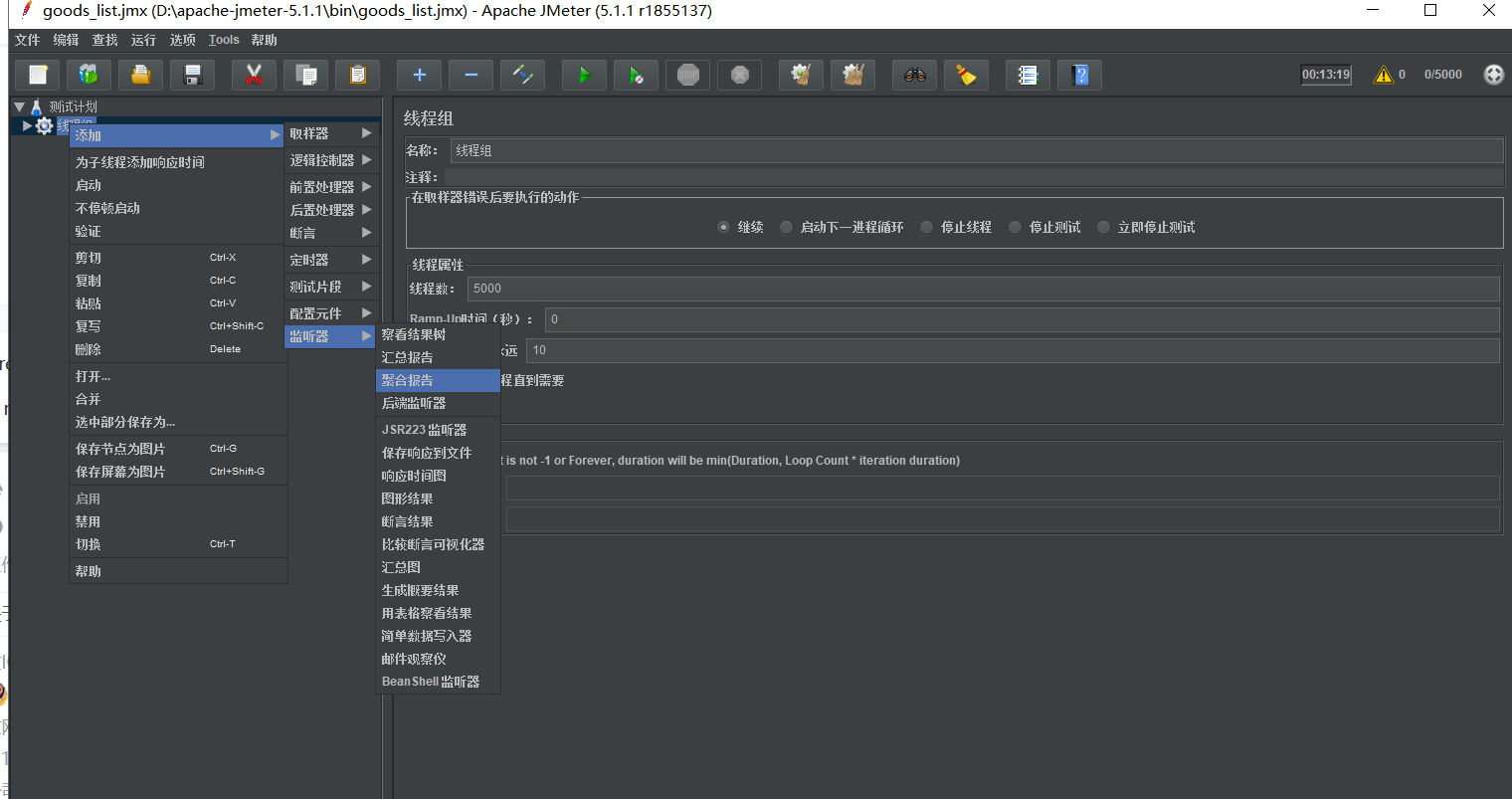 4、添加聚合报告查看输出结果
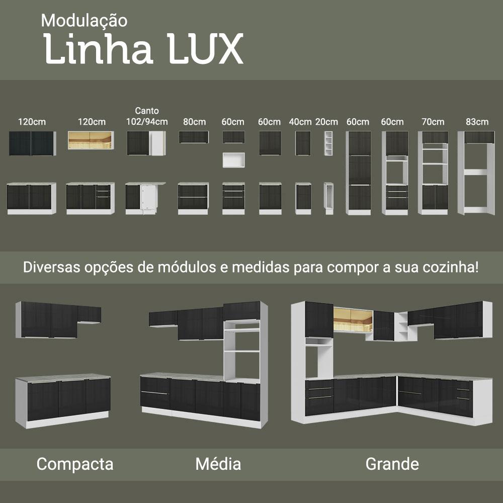 Pensou em sofisticação e elegância? Não deixe de conferir a linha de cozinhas Lux da Madesa!O grande destaque são as portas e gavetas, que recebem um vidro preto aplicado, detalhe que traz muita elegância ao ambiente.Todos os puxadores são em alumínio, mais resistentes ao uso diário e os pés dos balcões são reguláveis em PVC, com rodapé removível para facilitar na hora de fazer a limpeza.Com ótimo espaço interno, possui profundidade de cozinha planejada: 60 cm. Além disso, é fabricada com itens de qualidade superior, como corrediças telescópicas, dobradiças metálicas e amortecedores para o fechamento suave das portas.O balcão comporta pias de inox ou pedra no tamanho de 120 cm x 60 cm e não acompanha tampo. Já a torre possui espaço para forno ou micro-ondas e permite a instalação de forno embutido.O acabamento da estrutura é branco e as portas e as frentes das gavetas são pretas. É feito em Pintura Poliéster com aplicação de 7 camadas de proteção resistentes a álcool, água e calor.Medidas totais da cozinha:- 225 cm de altura- 180 cm de largura- 60 cm de profundidade nos módulos inferiores e 31 cm nos aéreosItens inclusos:- Uma (1) Torre-Quente com uma (1) porta, três (3) gavetas e dois (2) nichos- Um (1) Aéreo de 120 cm com duas (2) portas- Um (1) Balcão de pia de 120 cm com duas (2) portas (Não acompanha tampo para este balcão)Código do produto: GRLX18000173Obs.:- Imagens meramente ilustrativas- Os eletros, o tampo da pia, a torneira e a decoração não acompanham o produto- A Madesa não disponibiliza serviço de montagem- O produto segue com manual de instalação e todas as ferragens necessárias para sua montagem1 – O produto é novo ou usado?R.: Todos os produtos da Madesa são novos, enviados da nossa fábrica diretamente para as casas de nossos clientes.2 – O produto vem montado? Se não, vocês realizam a montagem?R.: A Madesa não disponibiliza serviço de montagem. Todos os produtos seguem com manual de instalação e as ferragens necessárias. Alguns produtos possuem vídeo explicando o passo a passo da montagem.3 – Vocês possuem loja física? Posso retirar meu produto em mãos?R.: Não possuímos loja física, apenas loja virtual. Confira as opções de envio ao colocar o seu CEP.4 – Qual é o valor do envio? Posso pagar separadamente?R.: O valor do envio é calculado com base no peso e volume do produto, e no CEP de destino. Você pode calcular o valor e prazo de entrega no simulador.5 – A Madesa entrega em todo Brasil? Como é feita a entrega?R.: Sim, entregamos no Brasil inteiro através de transportadoras parceiras.6 – O produto acompanha Nota Fiscal?R.: Sim, todos os produtos são entregues com suas respectivas notas fiscais.7 – Os produtos possuem garantia?R.: Sim. A Madesa oferece 3 meses de garantia para defeitos de fabricação.A Madesa se dedica à sustentabilidade com várias iniciativas: temos uma usina própria para gerar energia que abastece uma de nossas fábricas. Selecionamos nossos fornecedores, priorizando aqueles que possuem um compromisso com a sustentabilidade e proteção do meio ambiente. Todo o plástico utilizado no setor produtivo é proveniente de reciclagem e as suas sobras são encaminhadas ao fornecedor que os recicla. Também investimos no desenvolvimento contínuo de nossos colaboradores e em ações educacionais que beneficiem a comunidade.
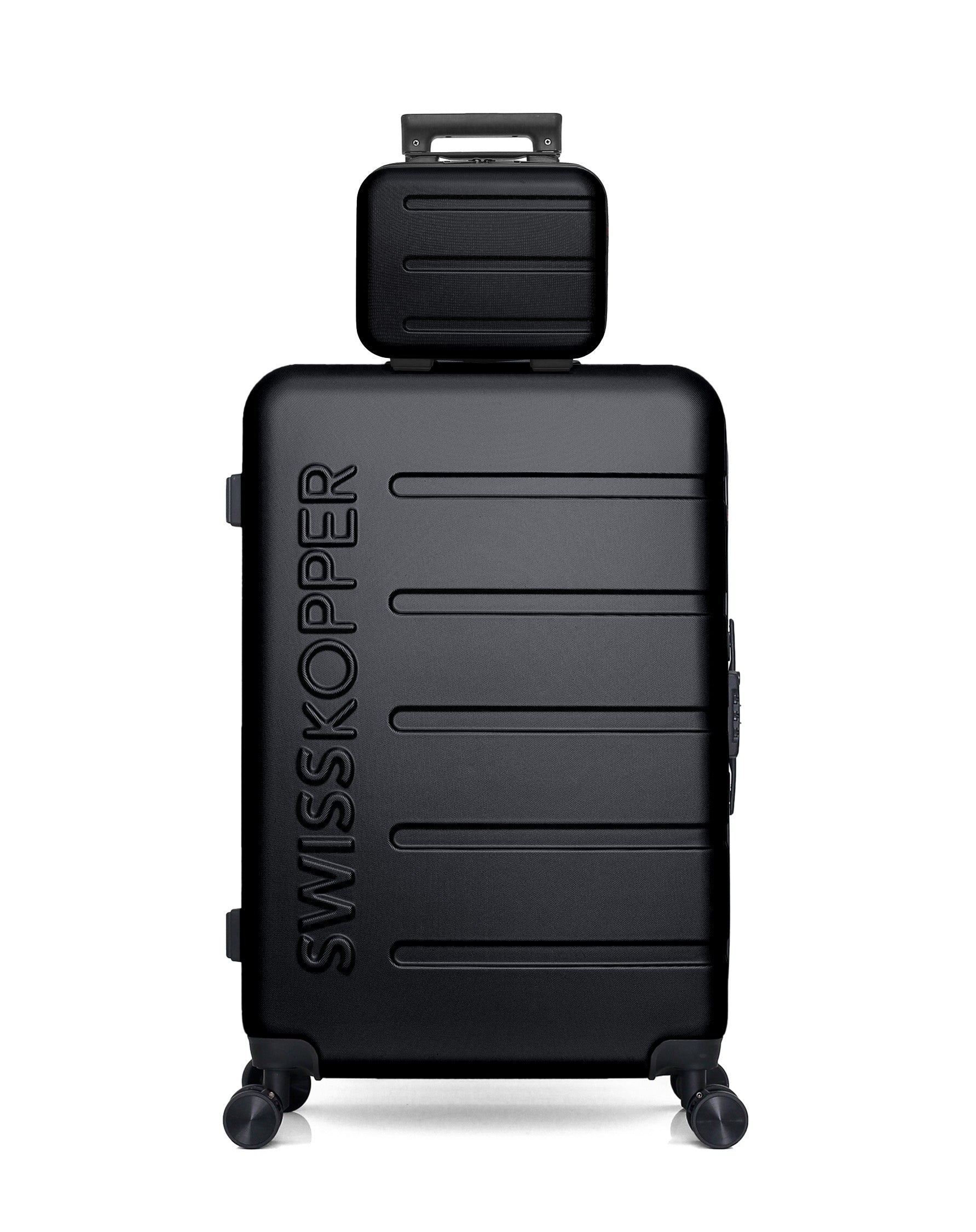 Le lot de 2, composé de la valise grand format et du vanity AIGLE de Swiss Kopper , est idéal pour les longs séjours. Solides et élégants, ces deux articles offrent une grande capacité de rangement tout en protégeant vos effets personnels avec style.
============================================================
[What needs to be done]:
Would you output the data above exactly as written, but with no images?

[Task result]:
 4、添加聚合报告查看输出结果
 Pensou em sofisticação e elegância? Não deixe de conferir a linha de cozinhas Lux da Madesa!O grande destaque são as portas e gavetas, que recebem um vidro preto aplicado, detalhe que traz muita elegância ao ambiente.Todos os puxadores são em alumínio, mais resistentes ao uso diário e os pés dos balcões são reguláveis em PVC, com rodapé removível para facilitar na hora de fazer a limpeza.Com ótimo espaço interno, possui profundidade de cozinha planejada: 60 cm. Além disso, é fabricada com itens de qualidade superior, como corrediças telescópicas, dobradiças metálicas e amortecedores para o fechamento suave das portas.O balcão comporta pias de inox ou pedra no tamanho de 120 cm x 60 cm e não acompanha tampo. Já a torre possui espaço para forno ou micro-ondas e permite a instalação de forno embutido.O acabamento da estrutura é branco e as portas e as frentes das gavetas são pretas. É feito em Pintura Poliéster com aplicação de 7 camadas de proteção resistentes a álcool, água e calor.Medidas totais da cozinha:- 225 cm de altura- 180 cm de largura- 60 cm de profundidade nos módulos inferiores e 31 cm nos aéreosItens inclusos:- Uma (1) Torre-Quente com uma (1) porta, três (3) gavetas e dois (2) nichos- Um (1) Aéreo de 120 cm com duas (2) portas- Um (1) Balcão de pia de 120 cm com duas (2) portas (Não acompanha tampo para este balcão)Código do produto: GRLX18000173Obs.:- Imagens meramente ilustrativas- Os eletros, o tampo da pia, a torneira e a decoração não acompanham o produto- A Madesa não disponibiliza serviço de montagem- O produto segue com manual de instalação e todas as ferragens necessárias para sua montagem1 – O produto é novo ou usado?R.: Todos os produtos da Madesa são novos, enviados da nossa fábrica diretamente para as casas de nossos clientes.2 – O produto vem montado? Se não, vocês realizam a montagem?R.: A Madesa não disponibiliza serviço de montagem. Todos os produtos seguem com manual de instalação e as ferragens necessárias. Alguns produtos possuem vídeo explicando o passo a passo da montagem.3 – Vocês possuem loja física? Posso retirar meu produto em mãos?R.: Não possuímos loja física, apenas loja virtual. Confira as opções de envio ao colocar o seu CEP.4 – Qual é o valor do envio? Posso pagar separadamente?R.: O valor do envio é calculado com base no peso e volume do produto, e no CEP de destino. Você pode calcular o valor e prazo de entrega no simulador.5 – A Madesa entrega em todo Brasil? Como é feita a entrega?R.: Sim, entregamos no Brasil inteiro através de transportadoras parceiras.6 – O produto acompanha Nota Fiscal?R.: Sim, todos os produtos são entregues com suas respectivas notas fiscais.7 – Os produtos possuem garantia?R.: Sim. A Madesa oferece 3 meses de garantia para defeitos de fabricação.A Madesa se dedica à sustentabilidade com várias iniciativas: temos uma usina própria para gerar energia que abastece uma de nossas fábricas. Selecionamos nossos fornecedores, priorizando aqueles que possuem um compromisso com a sustentabilidade e proteção do meio ambiente. Todo o plástico utilizado no setor produtivo é proveniente de reciclagem e as suas sobras são encaminhadas ao fornecedor que os recicla. Também investimos no desenvolvimento contínuo de nossos colaboradores e em ações educacionais que beneficiem a comunidade.
 Le lot de 2, composé de la valise grand format et du vanity AIGLE de Swiss Kopper , est idéal pour les longs séjours. Solides et élégants, ces deux articles offrent une grande capacité de rangement tout en protégeant vos effets personnels avec style.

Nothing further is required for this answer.